Now to the substance of what Ev said. I only noticed it after I got rid of the dirty ageist bit in his post. Ev says "Blogger Sells Out, some guy says. Dave, of course, agrees. Sigh."

A lot of entrepreneurs who sell out have a problem dealing with it. Even though they sold out they don't think they did. When I sold out in 1987, I went through the same thing. I am going through it now, living in a house that I sold. Did I sell out? Yes I did. It was raining yesterday and I was thinking how much the garden would love the rain in a couple of months when the sun returns. Ah ah. It won't be my garden then. For all I know the new owner will have already torn down the house and turned the garden into a dirty mess. It's his garden now to do with as he pleases. I don't think he really cares about it, he might not even know it exists. That's how selling a company works too. I was paid a lot of money to give it up. I sold out. Just like Evan did. Fact, not theory.

I knew this about my company a few moments after signing the papers to merge it with Symantec in 1987. Immediately the mood changed. I was given an order. I gulped. It's so strange. Why is he giving me an order? Oh that's right, I work for him now. Oy. This will strike Evan at some point, and I hope he blogs about it. He would make history in doing so.

Why weblogs are cool 

Imagine a News.Com or NY Times article about the deal we're talking about. I might be able to get a sound bite in there, but that would be it. There would likely be a transcription error, so maybe I'd be quoted saying something I don't agree with, and it would also likely not be my best quote. But most important, people reading the article would not likely find out what I really think. And if new information was revealed over time, or for some reason my perspective shifted, that would not be part of the article because they only do one article about any given news event.

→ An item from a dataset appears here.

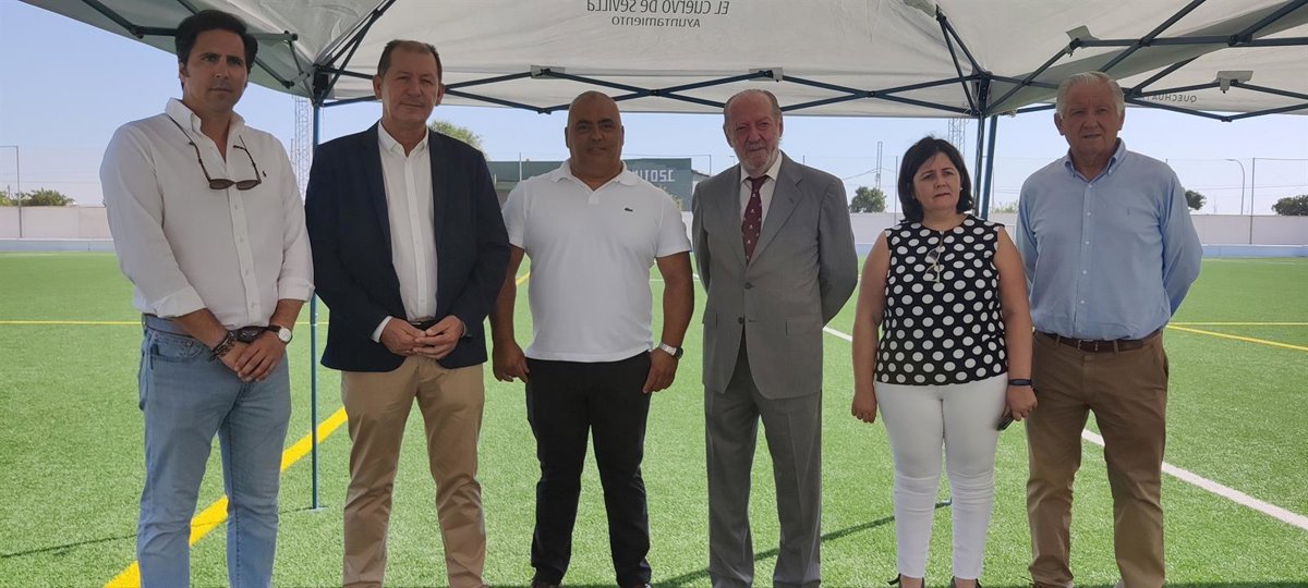 El presidente de la Diputación de Sevilla, Fernando Rodríguez Villalobos, ha visitado este jueves El Cuervo (Sevilla) con motivo de la sustitución del tapiz de su campo de fútbol municipal Andrés Villacieros, a través de las inversiones del Plan Contigo. El proyecto asciende a un total de 230.000 euros y está encuadrado en el programa de Cooperación en Inversiones y Servicios.

Because I have a weblog, I can write about it at length, several times. I can write until I'm finished. If you don't care, that's cool too, you can hit the Back button. But I get to say what I want, and I can get it right, and if I don't there's a fresh empty page tomorrow that I'm going to fill, Murphy-willing of course.


Last update: Tuesday, February 25, 2003 at 8:48 PM Eastern.